The Meanings of Representation

The English words “representation” and “to represent,” and their equivalents in many other modern languages, derive from the Latin: repraesentatio and repraesentare. The original meanings of these words were not political. Indeed, representation has maintained a rich variety of meanings that do not directly apply to things political. Although independent, the deployment of representation in our political vocabulary maintains, nonetheless, some important conceptual and semantic connections with uses in other vocabularies and areas, so that paying attention to them is not irrelevant.

The original Latin meanings referred to three different acts: (1) payment in ready money, (2) bringing something before the mind, and (3) an image in art. Each of these particular meanings involved ideas of “substitution,” “presenting something again,” and “presenting something in a different form.” How these uses and their more general connotations developed into a constellation of differentiated meanings in unrelated fields is an exceedingly complex story. The crucial period is probably the time between the twelfth and the thirteenth centuries, when more abstract ideas of representation acquired currency and the Latin meanings of the term were variously conjugated with (or used to translate) more philosophically established Greek ideas such as phantasia (as the faculty of representation) and mimesis, or the process of abstraction through which particular things are related to their “representation” in the mind. The philosophical refinement of the word is important to understand some later uses in political discourse. But equally if not more important is the way in which theological and religious ideas of representation established some of the conceptual paradigms influencing the development of ideas of political representation. In particular, ideas of the vicarious presence of God and Christ through the corpus mysticum of the Church, the Pope, and the Cardinals proved decisive to inform political ideas of representation.
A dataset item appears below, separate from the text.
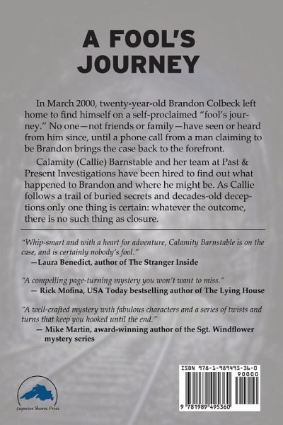 In March 2000, twenty-year-old Brandon Colbeck left home to find himself on a self-proclaimed "fool’s journey." No one—not friends or family—have seen or heard from him since, until a phone call from a man claiming to be Brandon brings the case back to the forefront. Calamity (Callie) Barnstable and her team at Past & Present Investigations have been hired to find out what happened to Brandon and where he might be. As Callie follows a trail of buried secrets and decades-old deceptions only one thing is certain: whatever the outcome, there is no such thing as closure.

Since then, separate uses have developed, informing discourses about “artistic representation” in both figurative and symbolic contexts; practices and theories of “acting” and “impersonating” in theater; and, at some remove from political ideas, conceptions of “mental representation.” Representation has also become a central concept in the overlapping discourses of politics, law, and, more recently, social research. As already noted, the connections between political and other uses are not just diachronic but also synchronic, continuously enriching and revitalizing the political understanding of representation. It is less obvious whether a metatheory of representation, encompassing all such disciplinary fields and discourses, is possible. One distinction that originated in the philosophy of “mental representation,” that is, between the problem of representations (plural) and that of representation (singular), may have useful applications in politics. Robert Cummings distinguishes between problems concerning the means of cognitive representation (in the plural) and problems concerning the relationship of representation (in the singular): that is, what representations represent. A philosophical approach to political representation may have to do with a similar analytic distinction between an investigation of the institutions of representation and one of the nature of the representative relationship in politics.